**Problem requirements:** All that is needed is the run of lines from the top of the entries to the line with "Small enough to", that line included, repeated exactly and free of pictures.

--*--

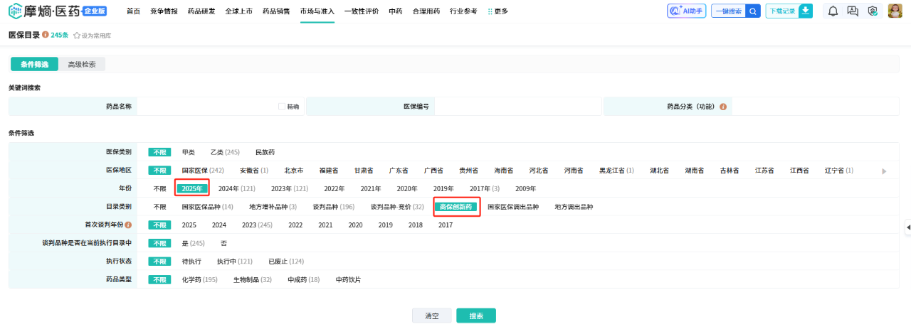 功能优化:本次对全球上市、药品研发数据库群中的中国药品批文及审评数据库,还有市场与准入库群的医保目录数据库,均升级优化了数据检索与展示功能。
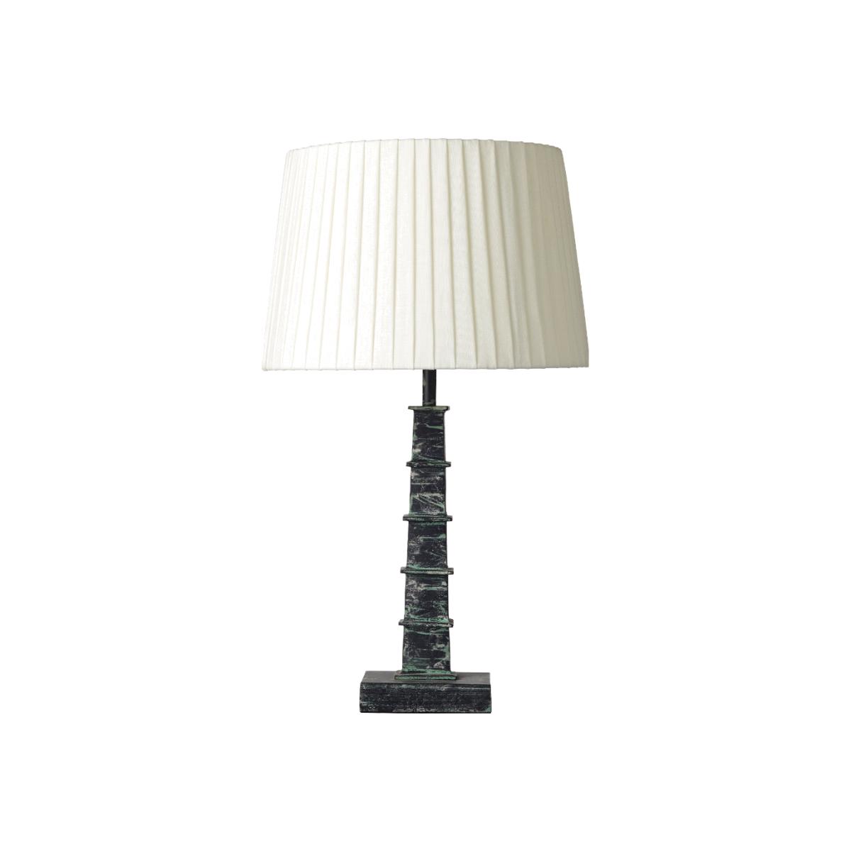 Small enough to be used as a bedside lamp, this Chinese-inspired lamp adds a decorative touch to any scheme. Handmade from aluminium, it's available in three antique finishes. We recommend using a 30cm diameter shade with this lamp. Daqin Lamp - Antique Green
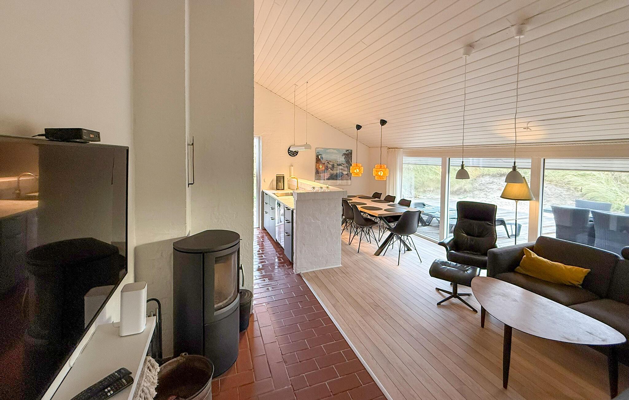Havet, himlen og fuglene. I er landet midt i Vestjylland, og får her det fulde udbytte af områdets ikoniske natur. Slå dørene op til det hyggelige murstenshus, hvor den lyse opholdsstue er moderne og komfortabelt indrettet og har store vinduer, der lukker lyset ind. Brændeovn bidrager med hyggelig varme på kølige dage. Læn jer tilbage i sofaen eller nyd måltiderne sammen i spisestuen med direkte udsigt over klitterne. Det åbne køkken er fuldt udstyret og har alt, hvad I skal bruge til feriens madlavningsprojekter. Et særligt højdepunkt er poolrummet, hvor der også er strandstole og adgang til terrassen. Efter en svømmetur kan I slappe af i saunaen.
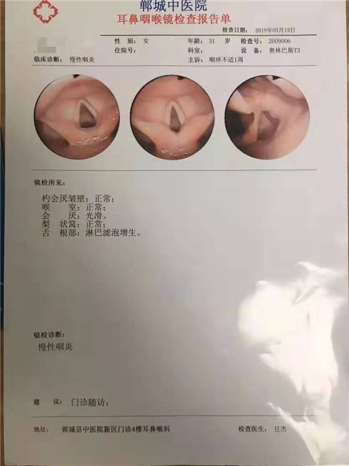 鄲城縣中醫院為進一步提高耳鼻喉臨床診療水平,更好地為廣大耳鼻喉患者服務。近日,新引進的纖維喉鏡系統(奧林巴斯T3)及工作站等設備正式調試完成,并投入使用。3月13日,完成第一例病人診療報告打印。
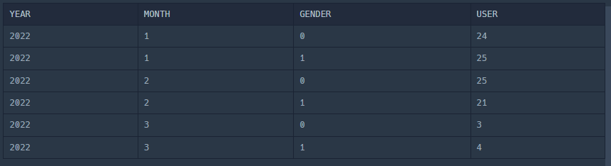 ★ 문제의 포인트는 회원수를 구하는 과정에서 중복을 제거해줘야 하는 부분입니다 ! 'DISTINCT'라는 키워드를 사용하여 중복을 제거해주지 않는다면, USER_ID가 1인 사람이 해당 년, 월에 구입을 2번 했을 경우, 회원수에는 +2가 되기 때문입니다 ! 그래서 다음과 같은 결과를 출력하게 됩니다.
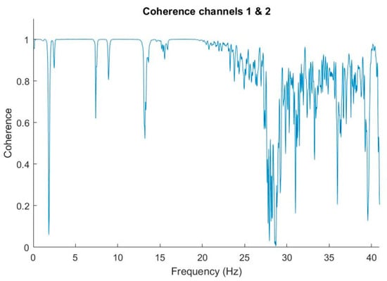 Finally, Figure 13 also shows the coherence between both channels in a very low frequency range. The coherence had a deep notch at 2 Hz and a wider one in the neighborhood of 27–28 Hz.

--*--

**Result:**
 功能优化:本次对全球上市、药品研发数据库群中的中国药品批文及审评数据库,还有市场与准入库群的医保目录数据库,均升级优化了数据检索与展示功能。
 Small enough to be used as a bedside lamp, this Chinese-inspired lamp adds a decorative touch to any scheme. Handmade from aluminium, it's available in three antique finishes. We recommend using a 30cm diameter shade with this lamp. Daqin Lamp - Antique Green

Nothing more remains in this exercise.